I miss my days as Surfer Mom. I live up in the mountains a half hour from the beach. There’s a different climate where I live. It could be raining a downpour at home and sunny at the beach. I have to make sure I continue my beach trips. I too feel my “Zen” at the beach. No longer clad in a bikini, not even a bathing suit; I go fully dressed with a hat and a shawl to cover my sun damaged chest and I leave my white legs peaking out from my capris to try to get a little color. I bring my books and magazines and feel like I really live in the Caribbean. It’s been over twenty-five years and my mountain jungle is definitely my home, but the sun and the wind and the blue water is island life. Even without my son or my daughter I have to make time for the beach. I’m a Surfer Mom and pretty soon I might be Mom to the Arecibo locals as I make my way to the beach alone.

Tuesday, March 24, 2009

A Perfect Wedding in Puerto Rico













It's the perfect place...a bride's dream: romantic with flowers all around....and I think the groom would feel probably the same: a casual setting in the open air in which there were lots of nooks and crannies to hang out ... or hide?).....

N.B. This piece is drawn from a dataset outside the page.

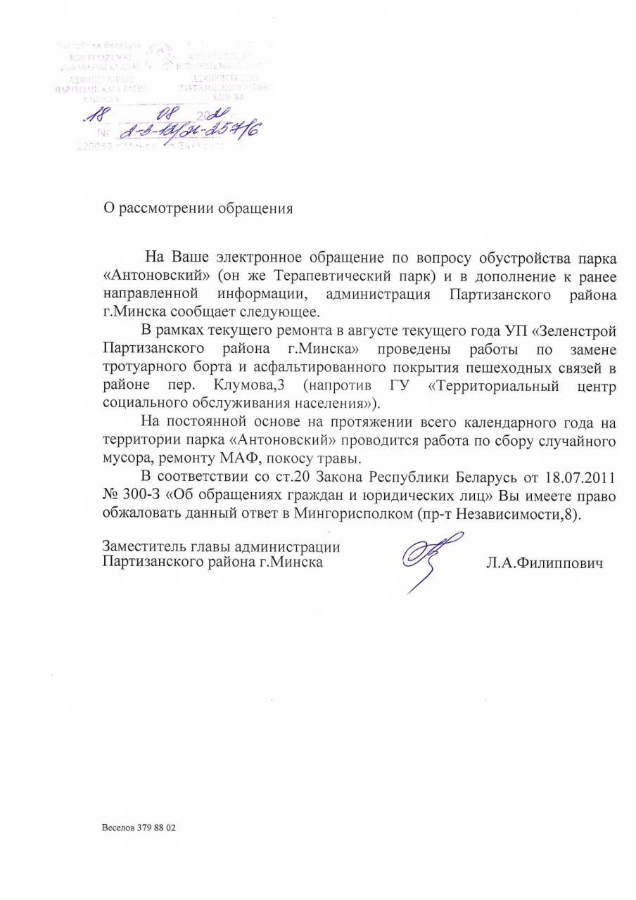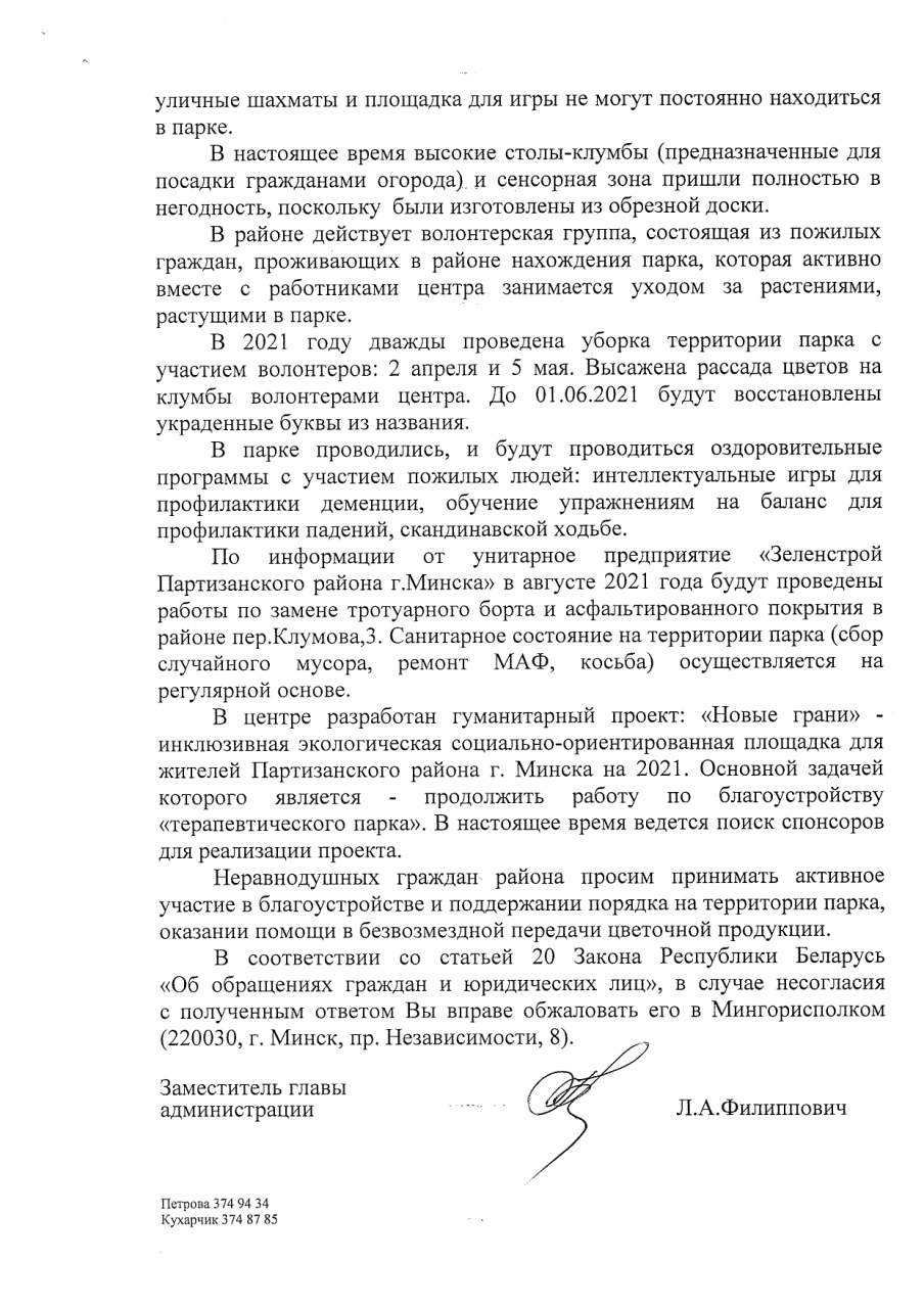 В связи с текущим состоянием парка мы, нижеподписавшиеся жители и гости Партизанского района г.Минска, требуем пояснить следующее: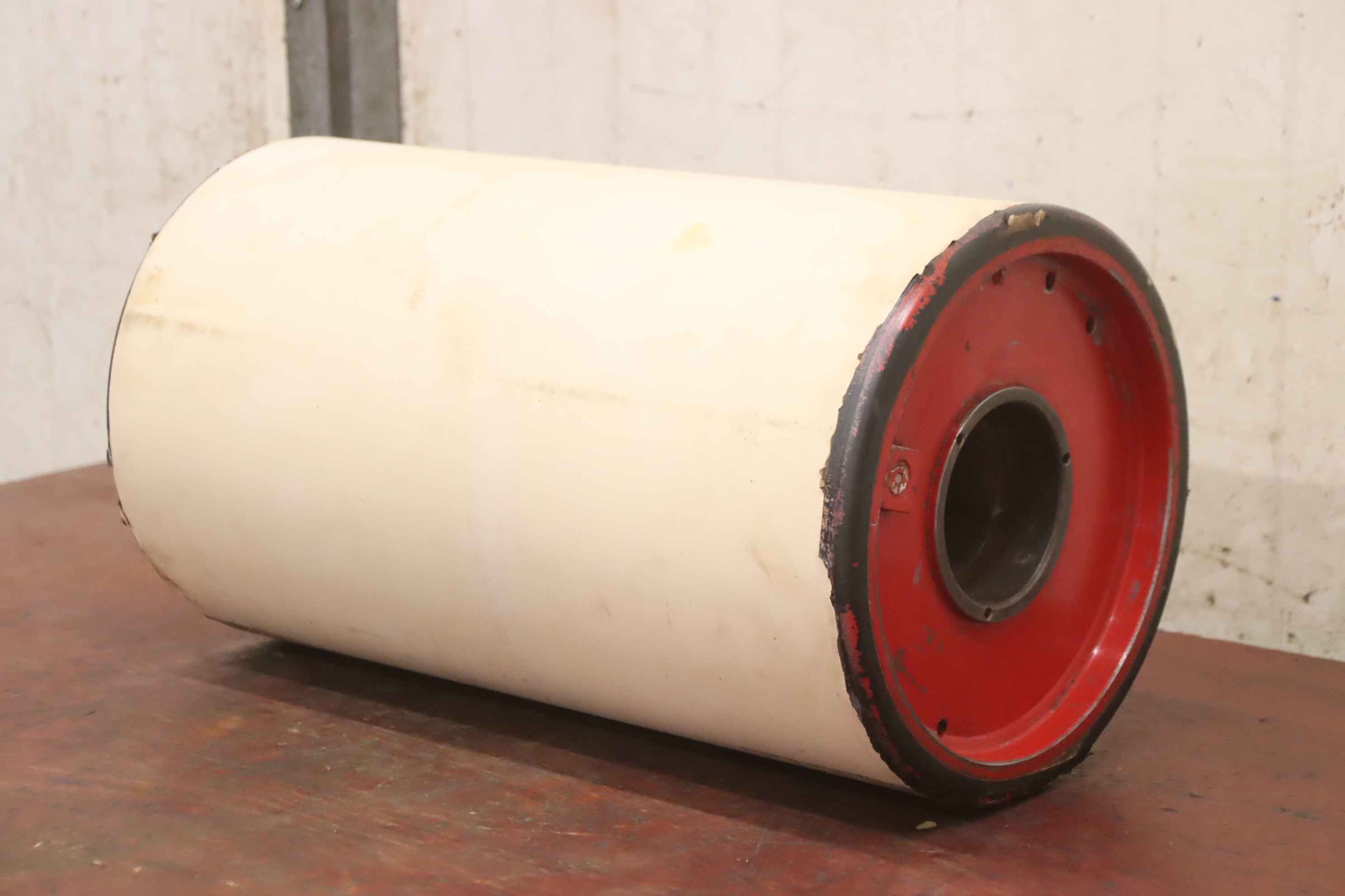 grinding drum, deflection drum, belt sander, belt grinder, drum sander, drum sander, conveyor belt rollers, transport rollers, replacement rollers, conveyor belt, roller conveyor, support rollers -Manufacturer: KED Kurt Ehemann, grinding drum drum width 200 mm -Drum: Ø 150 mm -Hole: Ø 30 x 200 mm -Number: 6x drums available -Price: per piece -Dimensions: Ø 150 x 200 mm -Weight: 8.0 kg/piece

Hacienda Siesta Alegre in Rio Grande is a private Mexican style house on a horse farm in the hills of El Yunque Rain forest. A picture's worth a thousand words so check it out....From the entrance path up to the main house, to the grass walk down to the ceremonial altar, Siesta Alegre is beautiful...bouganvilleas abound overflowing from the clay tile rooves.




After the ceremony the guests were ushered through the house with cocktails passing the lit fireplace. As evening approached, the fire warmed the cool crisp air of El Yunque. The dining tables surrounded the open air patio dancing floor and music filled the air. There were no down pours, but there was a sprinkle of showers on and off that did nothing to inhibit the party. There are various hotels in the area and the bride and groom were wise enough to hire a van to drive their guests to their hotel where the party continued.

And so now you know...if you're looking for the perfect wedding locale in the Caribbean, check out Hacienda Siesta Alegre....and then enjoy your honeymoon at TJ Ranch....just ask Carlos and Melissa. They ended their week long travels on the island at TJ Ranch and then were ready for getting back to the "real world."

We may not leave the farm often, but when we do it's worth our while. This was a wedding to remember!!

Best wishes for a happy life together, Carlos and Melissa...you had a great start!!! Felicidades!!!




(Please excuse the graphic layout of this blog...I can't seem to post the pictures the way I want ...and can't get them to move around!!)